ESPE2021 ePoster Category 2 Growth and syndromes (to include Turner syndrome) (56 abstracts)
1Student Scientific Society of Pediatric Endocrinology, Poznan University of Medical Sciences, Poznan, Poland; 2Department of Pediatric Endocrinology and Rheumatology, Institute of Pediatrics, Poznan University of Medical Sciences, Poznan, Poland
Introduction: The tricho-rhino-phalangeal syndrome type 1 (TRPS 1), also known as Langer-Giedion syndrome, is an uncommon genetic disorder. This disease is characterized by short stature, cone-shaped ends of the long bones (epiphyses), and distinctive facial features linked to skeletal abnormalities since early childhood. The experience with recombinant growth hormone (rGH) therapy in TRPS 1 is relatively poor. The aim of the study is to present the results of rGH therapy in a 14-year-old boy with TRPS1, coexisting with growth hormone deficiency and osteoporosis.

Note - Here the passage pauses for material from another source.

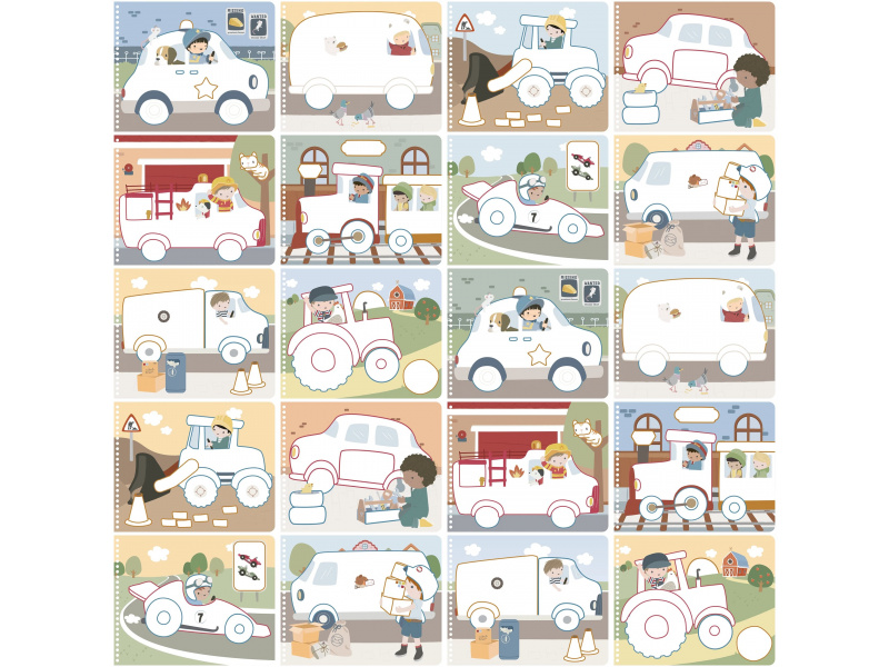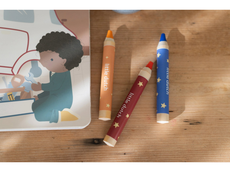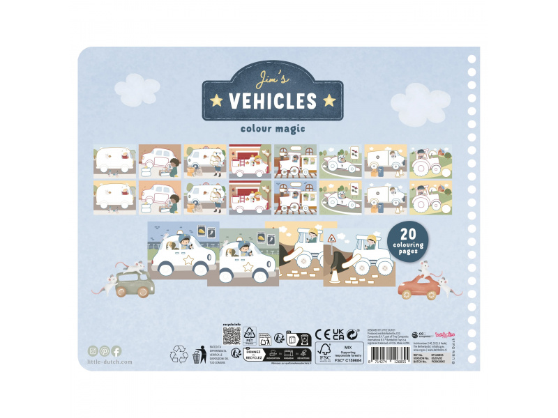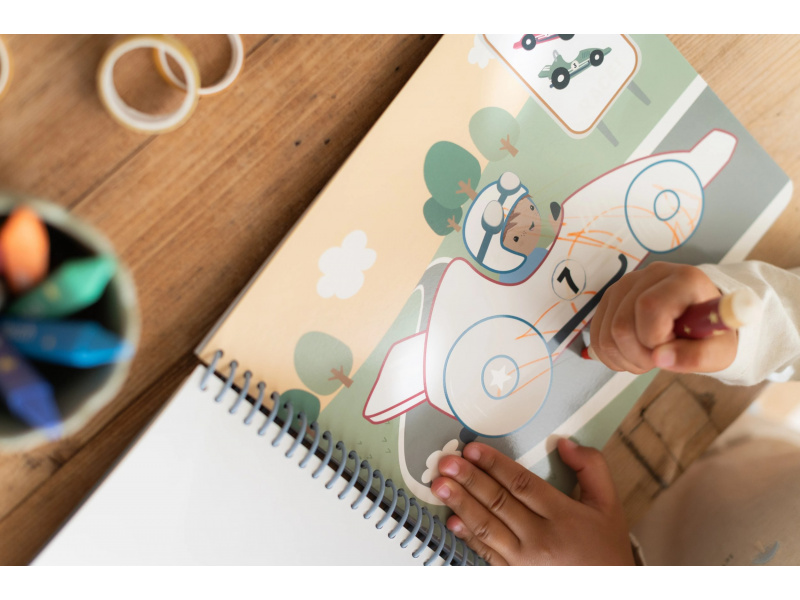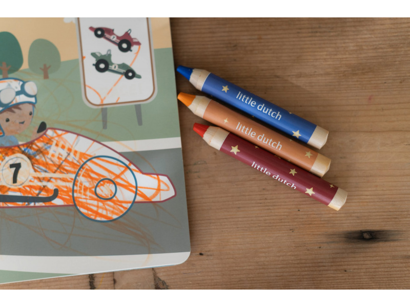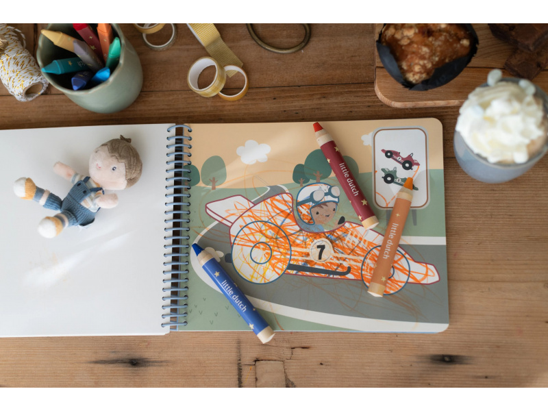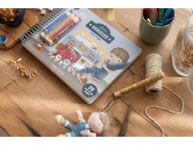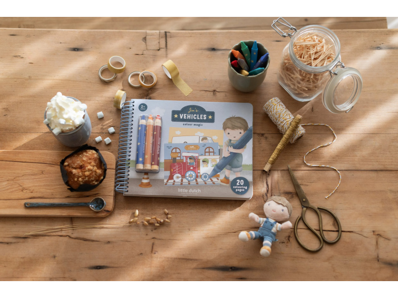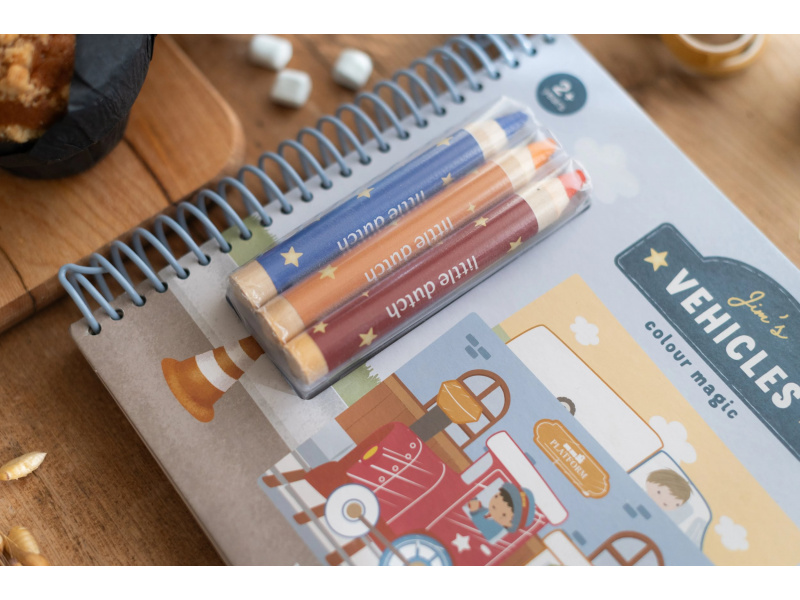 Nechte své dítě objevovat svět barev s těmito kouzelnými omalovánkami Little Dutch. Jemné ilustrace s tématikou dopravních prostředků vybízejí k vybarvování a rozvíjejí dětskou fantazii. Pastelky rozvíjejí jemnou motoriku a díky svému tvaru se snadno drží. Součástí sady jsou tři pastelky, dvacet předtištěných a deset prázdných stránek pro nekonečné malování podle představ. Vyrobeno z pevného papíru, díky spirále ve hřbetu se stránky omalovánek snadno otáčí a drží otevřené na stole. Vhodné pro děti od 2 let.

Patient report: The patient was born at 37th Hbd, with a birth weight 2890g. Target height based on parental height was 174 cm. He presented delayed motor development in the first months of life. Since the age of 2y, the height was classified below the 3rd centile. At the age of 4y, because of distinctive facial dysmorphia such as round face, hypertelorism, wide eyebrows, bulbous nose, long philtrum, thin upper lip, low-set posteriorly rotated ears, hypertrichosis, and short stature TRPS 1 was suspected. Molecular testing revealed a submicroscopic deletion localized on the long arm of chromosome 8 (region 8q23.1-q23.3), which involved the TRPS1 gene, confirming the diagnosis. Due to short stature and deceleration of growth velocity at the age of 3y, GH secretion testing was performed. After clonidine and arginine stimulation, the peak GH level was 5.7 ng/ml and 2.1 ng/ml, respectively. GH deficiency was diagnosed. IGF-1 level was also below the normal range for age and sex (32 ng/ml). MRI of the pituitary was normal. rGH treatment was started at the age of 5.5 y when his height was 101 cm (htSDS = -3). At the age of 6y, he had a fracture of the clavicle and elbow bone. Low mineral density was observed in densitometry (Z-score of lumbar region -2.3). Vitamin D3 and oral calcium supplementations were initiated. Currently, at the age of 14y, his height reached 155.5 cm (htSDS = -1.4), and the predicted adult height (PAH) is 180 cm. The current pubertal stage is as follows: A3, P3, and testicular volume 15 ml. No side effects of rGH treatment were observed to date.
Conclusions: Almost nine-year observation of rGH therapy confirms its efficacy in TRPS 1. Moreover, initiation of rGH therapy early in life resulted in increased growth velocity, gives a satisfactory prognosis for PAH in further treatment.